There was a popular television show in the US a few years back called Myth Busters where the show’s hosts used elements of the scientific method to test the validity of rumors, myths, and news stories. Unfortunately, to my knowledge the show never attempted to bust some common myths about monitoring and evaluation — I can’t imagine why not, it’s such a thrilling topic!
Therefore, in this post I’m going to bust 3 common myths about M&E in part 1 of Myth Busters M&E Edition. I came up with too many myths that a part 2 will be posted sometime next week.
Without further ado, here are 3 common myths about M&E:
Myth 1: M&E = Data
There’s a common belief that monitoring and evaluation is the same as data. As I referred to in a previous post, M&E is core to program strategy. It is so much more than data.
M&E helps improve progress towards and achievement of results by extracting, from past and ongoing activities, relevant information that can subsequently be used as the basis for programmatic fine-tuning, reorientation, and planning. Without M&E, it would be impossible to judge if work was going in the right direction, whether progress and success could be claimed, and how future efforts might be improved.
Data is a tool used in the M&E process described above, but it’s not the entirety of it. Data are the specific quantitative and qualitative information or facts that are collected and analyzed that help us understand our impact.
The problem with equating M&E and data as the same thing is that often people jump to thinking about the tools needed to collect information before systematically developing a plan that outlines program goals, intended outcomes, and the key strategic questions to guide our efforts. Data will not tell you much if you don’t know what need to know.
Although I just debunked the myth that M&E is the same as data, the next two myths focus exclusively on data itself because I have found that data collection is often fraught with misconceptions about what is considered important and valid.
Myth 2: More data is better
Nutritionist’s often recommend a diet of 'everything in moderation’. The same principle applies to data collection. More data is not necessarily better.
The comic above depicts a common mentality — collect it just in case we need it. This approach is actually detrimental to our work. An excess of data often leads to:
- confusion about what data to look at and how we’re using that information
- wasted time and resources collecting information that is never or rarely used
We should not be collecting data that we do not use. Our data collection should be guided by information needs that really matter right now, rather than data collection for its own sake.

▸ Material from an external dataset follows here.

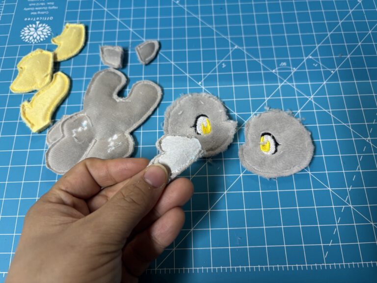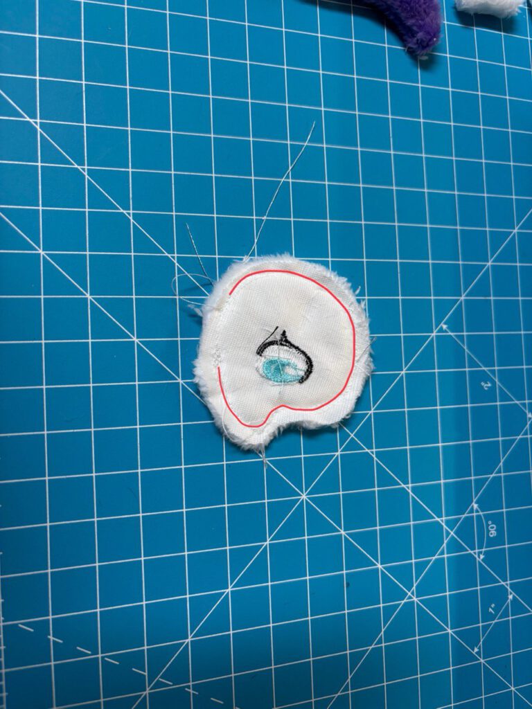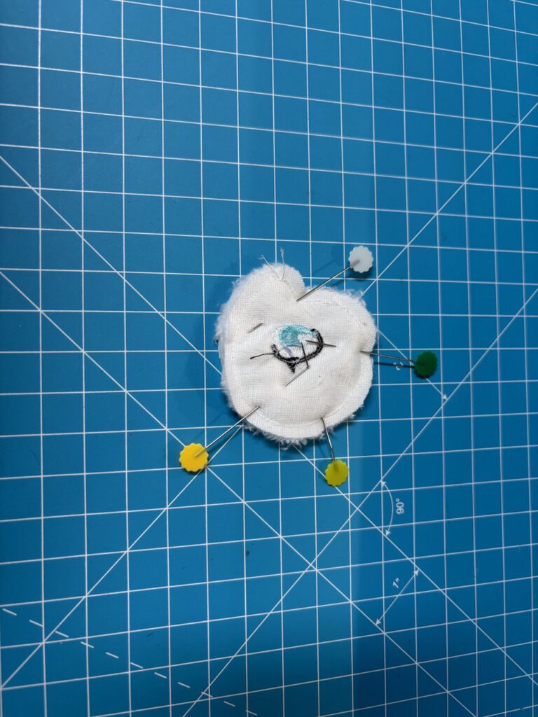 We start of carefully removing all the leftover embroidery backing the rough paper like stuff) and turning all pieces right sides out.

There is a movement towards data minimalism that is focused on purposeful data collection to facilitate decision-making. Rather than spending our time collecting hundreds of pieces of data, our time is better spent at the front-end to:
- Reflect on what we really need to know — this requires that we put on our investigative hats and ask ourselves tough questions. Do we really need to know this? How will we use it? What resources are required to collect it?
- Use the CART Principles — I love these principles developed as part of the Goldilocks: Right-Fit M&E initiative. Make every effort to ensure your data collection is:
- Credible – Collect high quality data and analyze them accurately.
- Actionable – Commit to act on the data you collect.
- Responsible – Ensure the benefits of data collection outweigh the costs.
- Transportable – Collect data that generate knowledge for other programs.
Myth 3: Quantitative data is more valid than Qualitative data
There is a prevailing belief that numbers are more important, valuable, and useful than narrative information. Quantitative and Qualitative data are different, but one is not more important or more credible than the other.
First, let’s look at how they are different:
- Quantitative data is often represented as numbers and help to answer questions such as, “How much…?”, “How many…?”, and “How frequent…?”. Quantitative data collection is best used for understanding what is happening in a program.
- Qualitative data are usually in the form of text or narrative and helps to answer questions such as, “Why are some participants more active in the program?” and “How have participant’s understanding of the law changed since the program started?”. Qualitative data collection methods are more appropriate for understanding people’s attitudes, behaviors, beliefs, opinions, experiences, and priorities.
Rather than thinking you need to choose between either quantitative or qualitative data, it is actually quite powerful to use numbers and narrative together as described here. Collecting both quantitative and qualitative data bolsters our understanding of our impact, helping us answer our questions to know what happened, why it happened, and how it happened.